-- What is needed --
Every line from the start of the data through the line containing "TK-S2SC1 単色用コントローラ スイッチ" should be retyped exactly; the pictures should not.

-- Data records --
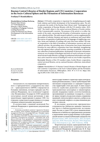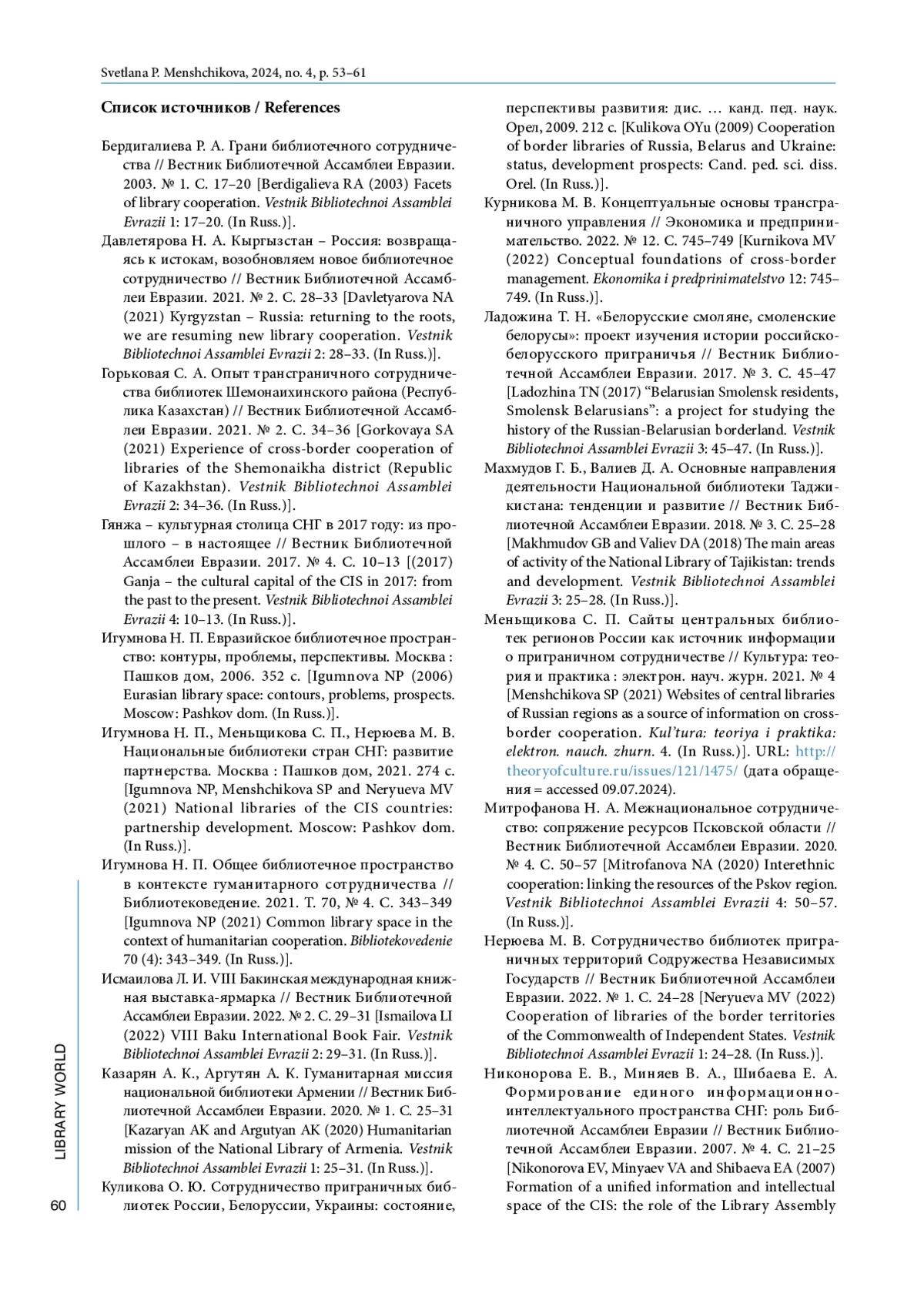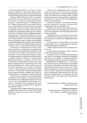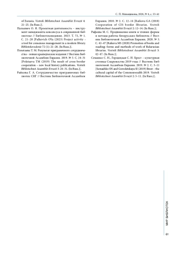 7. Игумнова Н. П. Общее библиотечное пространство в контексте гуманитарного сотрудничества // Библиотековедение. 2021. Т. 70, № 4. С. 343-349.
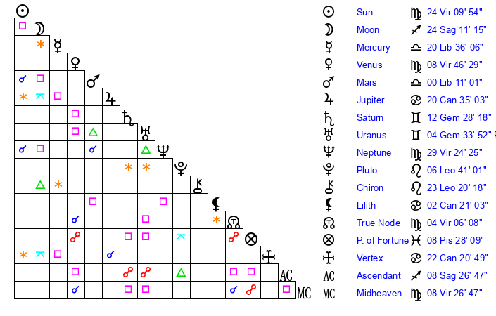| Sun | 24 Virgo 10 | 25 Virgo 3 | 17 Sagittarius 0 |
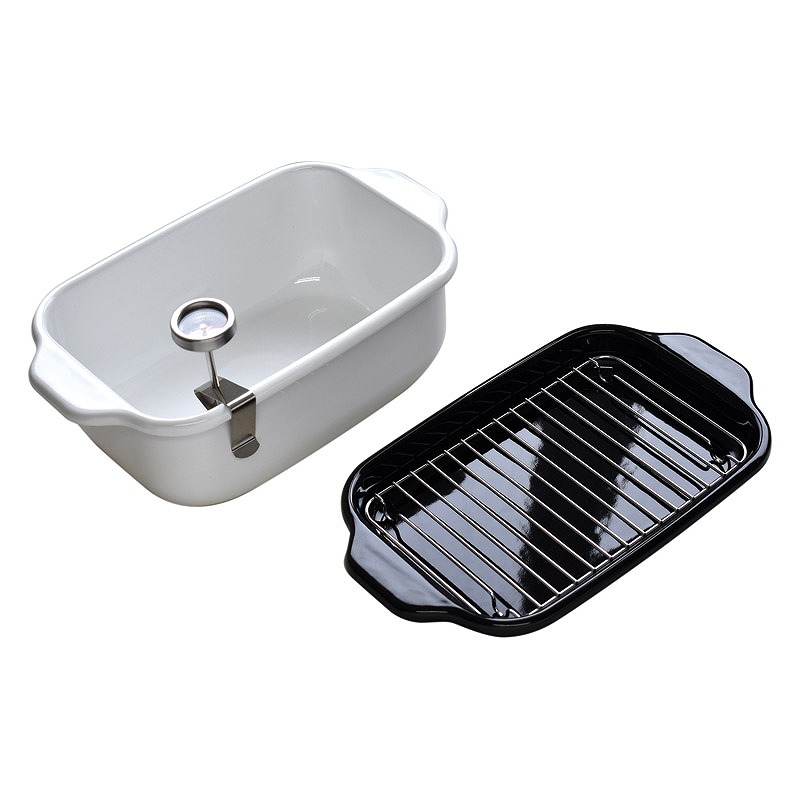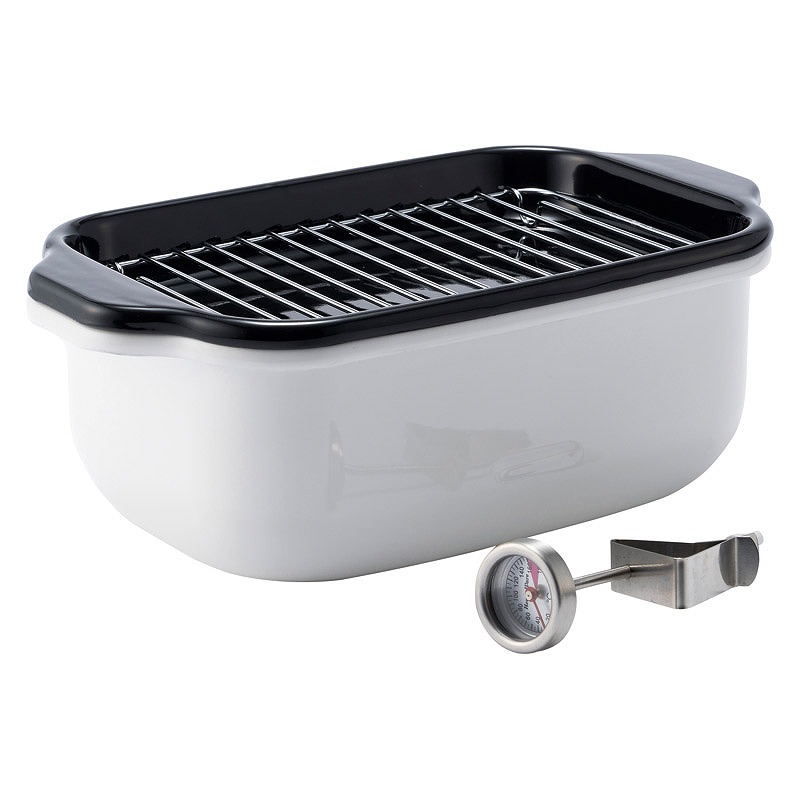 小さめでコンパクトなのに長い食材も調理でき効率的。バットとスノコ、防水温度計付き。ほうろう用鋼板にガラス質を焼き付けたホーローは酸や塩分に強く、匂いや汚れもつきにくく洗えばスッキリ落とせ、いつまでも光沢を保ちます。本体、バットはオーブン調理もOK。200VIH対応可能。
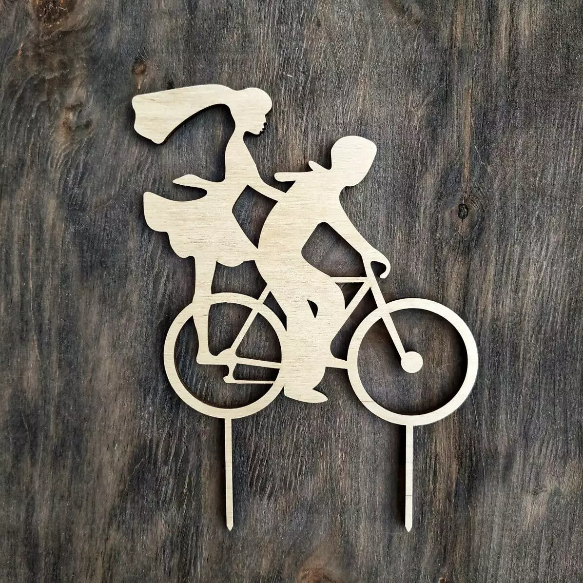 Деревянный топпер "Молодожёны на велосипеде"
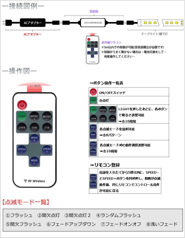 TK-S2SC1 単色用コントローラ スイッチ 点滅調光リモコン式 LEDテープライト LEDシリコンライト LED棚下灯 LED棚下ライト
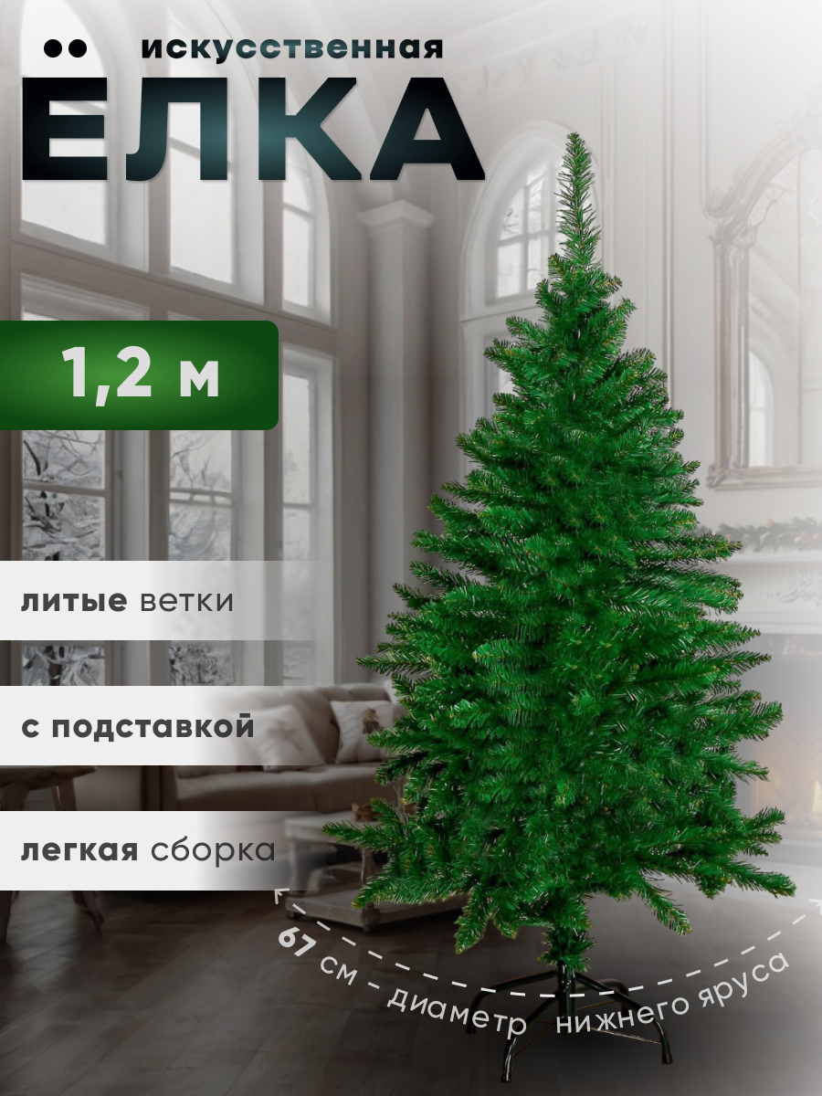 Купить Ёлка зауженная 120 см. d нижнего яруса 67 см. 210 веток. металл подставка 701427
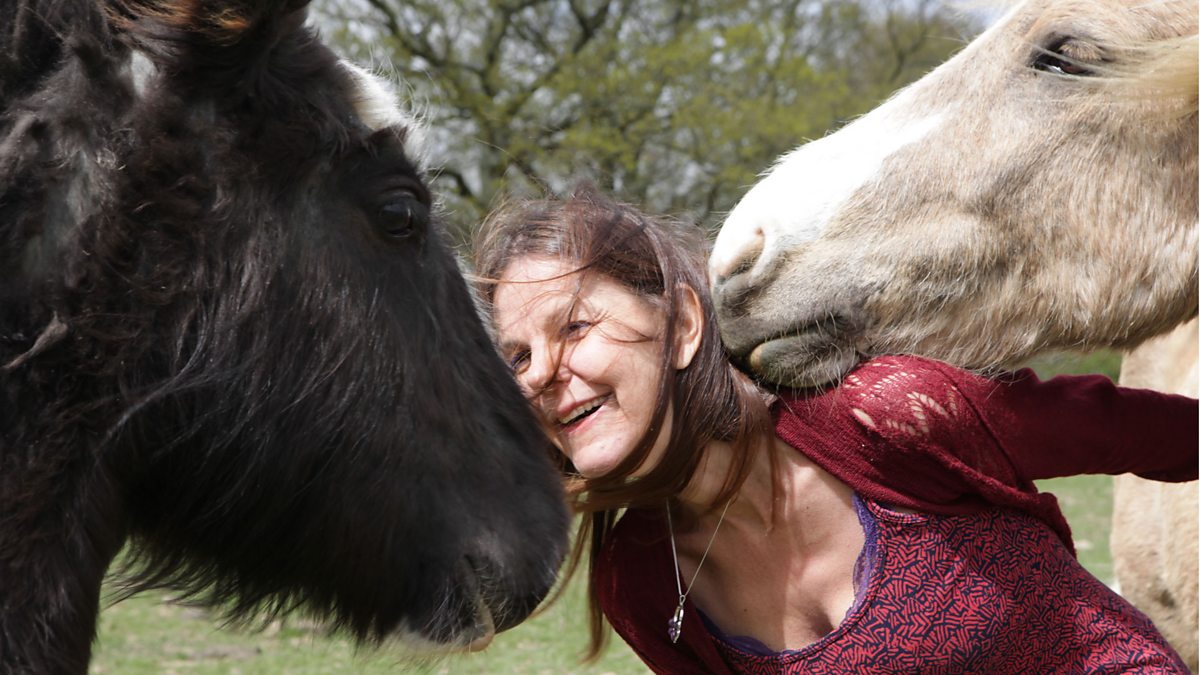 (Photo: Sophie Sabbage snuggles up to two horses)

-- Exercise response --
 7. Игумнова Н. П. Общее библиотечное пространство в контексте гуманитарного сотрудничества // Библиотековедение. 2021. Т. 70, № 4. С. 343-349.
| Sun | 24 Virgo 10 | 25 Virgo 3 | 17 Sagittarius 0 |
 小さめでコンパクトなのに長い食材も調理でき効率的。バットとスノコ、防水温度計付き。ほうろう用鋼板にガラス質を焼き付けたホーローは酸や塩分に強く、匂いや汚れもつきにくく洗えばスッキリ落とせ、いつまでも光沢を保ちます。本体、バットはオーブン調理もOK。200VIH対応可能。
 Деревянный топпер "Молодожёны на велосипеде"
 TK-S2SC1 単色用コントローラ スイッチ 点滅調光リモコン式 LEDテープライト LEDシリコンライト LED棚下灯 LED棚下ライト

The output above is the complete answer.